● **Required work**
What is needed is an exact transcription of the listing, with the images removed.

● **Dataset content**
━━━━━━━━━━━━━━━━━━━━
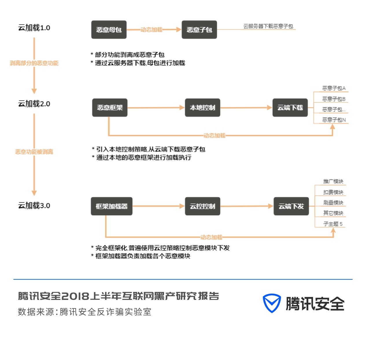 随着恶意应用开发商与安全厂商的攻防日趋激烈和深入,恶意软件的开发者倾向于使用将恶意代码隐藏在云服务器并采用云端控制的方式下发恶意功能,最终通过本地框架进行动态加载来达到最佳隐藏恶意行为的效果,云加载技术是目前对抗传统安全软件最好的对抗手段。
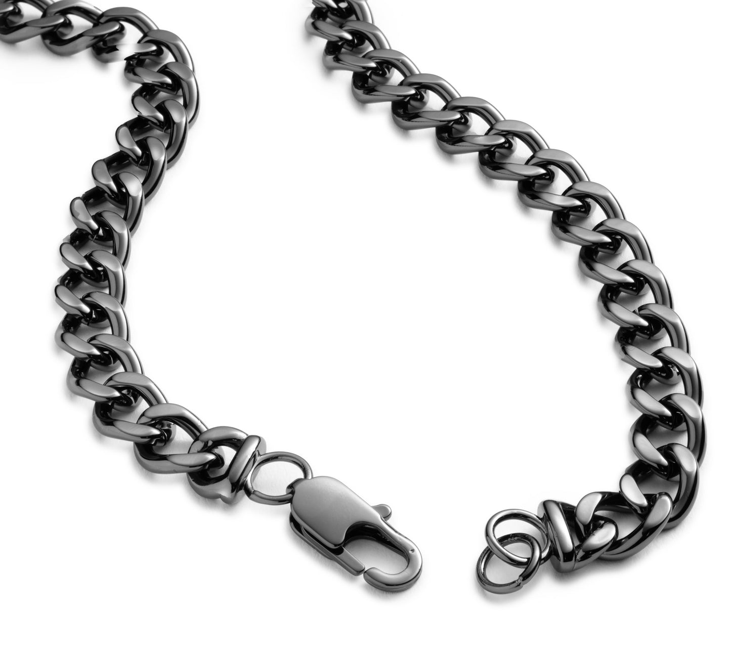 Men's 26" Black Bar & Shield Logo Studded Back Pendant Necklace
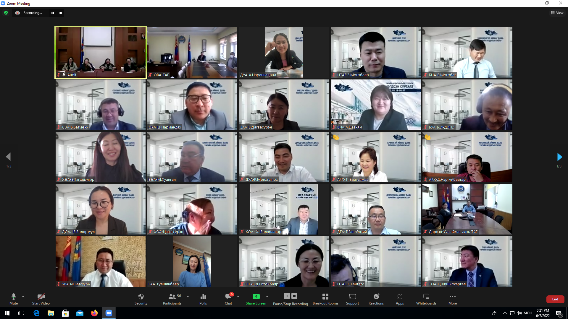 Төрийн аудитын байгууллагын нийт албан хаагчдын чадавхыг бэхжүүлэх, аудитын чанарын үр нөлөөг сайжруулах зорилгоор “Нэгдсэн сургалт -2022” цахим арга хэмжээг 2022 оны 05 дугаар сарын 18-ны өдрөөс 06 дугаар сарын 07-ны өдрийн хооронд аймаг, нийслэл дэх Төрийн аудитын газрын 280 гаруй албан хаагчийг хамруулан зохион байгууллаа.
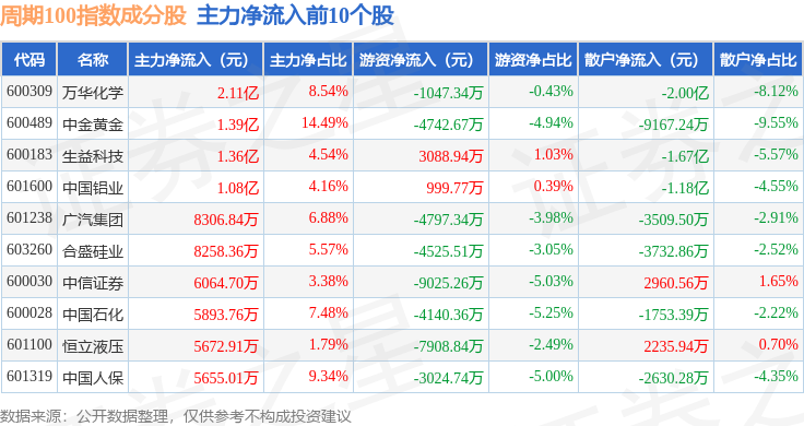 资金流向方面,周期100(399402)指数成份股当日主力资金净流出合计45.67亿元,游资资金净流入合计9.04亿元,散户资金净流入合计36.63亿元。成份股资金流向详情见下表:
━━━━━━━━━━━━━━━━━━━━
● **Exercise result**
 随着恶意应用开发商与安全厂商的攻防日趋激烈和深入,恶意软件的开发者倾向于使用将恶意代码隐藏在云服务器并采用云端控制的方式下发恶意功能,最终通过本地框架进行动态加载来达到最佳隐藏恶意行为的效果,云加载技术是目前对抗传统安全软件最好的对抗手段。
 Men's 26" Black Bar & Shield Logo Studded Back Pendant Necklace
 Төрийн аудитын байгууллагын нийт албан хаагчдын чадавхыг бэхжүүлэх, аудитын чанарын үр нөлөөг сайжруулах зорилгоор “Нэгдсэн сургалт -2022” цахим арга хэмжээг 2022 оны 05 дугаар сарын 18-ны өдрөөс 06 дугаар сарын 07-ны өдрийн хооронд аймаг, нийслэл дэх Төрийн аудитын газрын 280 гаруй албан хаагчийг хамруулан зохион байгууллаа.
 资金流向方面,周期100(399402)指数成份股当日主力资金净流出合计45.67亿元,游资资金净流入合计9.04亿元,散户资金净流入合计36.63亿元。成份股资金流向详情见下表:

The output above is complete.